直到有一天,他发着烧从一家公司出来,对方有意无意地告诉他:“你的背景确实很优秀,来我们公司的确会委屈你,但能录用你是我们公司的荣幸,可是我们公司也是要在海市讨生活的呀……”
那一刻许澈突然明白了什么,就算还是最底层的公司都不录用他,并不是因为他不够优秀,而是闻序不允许。
他饥寒交迫地在路边等公交,眼前一黑再醒来是秦究坐在他破旧的出租屋里。
秦究没有多少什么,也没有问什么,只是给了许澈一笔钱,“你想去哪里,用这里面的钱买一张机票,我会帮你处理好,不会让他找到你。”
秦究也不敢给许澈很多钱,闻序要是追究起来,钱太多,一下就能查到他身上。
这点钱,真的是许澈身上最后一笔钱。
第二天,再一次面试失败从公司出来,许澈看见了闻序,他坐在车上,西装革履长腿交叠,居高临下地看着许澈:“觉得苦,就回来。”
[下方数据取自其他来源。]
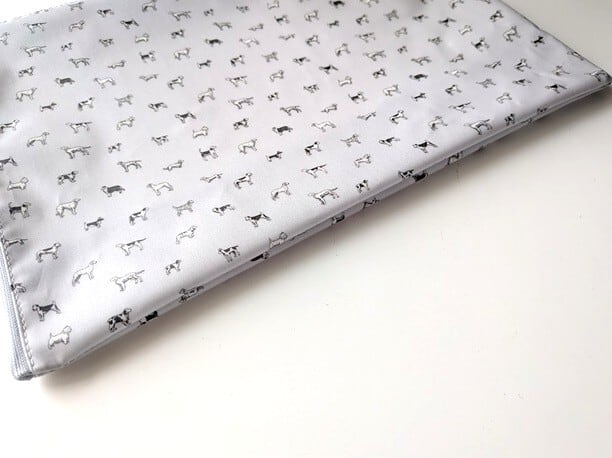 【アウトレット】A4 L字ファスナー クリアポーチ マンズベストフレンド リバティ ラミネート ♡詳細に描かれた犬のイラストが間隔をあけてレイアウトされています

好不容易才逃离的牢笼,许澈就算是死在外面也不会回去。
他怀疑秦究的示好,却又不得不利用秦究雪天送炭的那一笔钱。
于是在和闻序见面的第二天,他用尽身上最后一笔钱买了机票离开了海市。
在一个全新又陌生的城市开始了新的生活。
却没想到闻序疯疯癫癫地再次闯入了他的生活里……
作者有话要说:
来晚了来晚了,我的小猫他不知道怎么了不吃饭,我焦虑死了一直盯着他,好在晚上终于吃了一点了,在写完这章的前几分钟他呼噜呼噜地在我身边睡着了,希望醒来我的小猫像以前一样吃很多的饭[求你了][求你了][求你了][求你了]
回忆就到这里结束了~[让我康康][让我康康]
第33章
深夜。
许澈和闻序躺在同一张床上,两个人背对着,都没有睡着。
前面二十多年的苦竟然一个晚上就能回忆完,许澈睡意彻底消散,他起身下了床,轻轻地走出房间。
程枕睡在客卧,闻序之前睡那个房间,许澈收拾了一下,让程枕暂时住在那里。
他从冰箱里拿了水,自从离婚后,他不论四季都必须要喝冷藏的水,他喜欢当那种冰凉的感觉蔓延到四肢以后,异常清醒的感觉。
“对身体不好。”程枕不知道什么时候出现在他身后,许澈手里那瓶冰水被他抽出去,“烟也要少抽。”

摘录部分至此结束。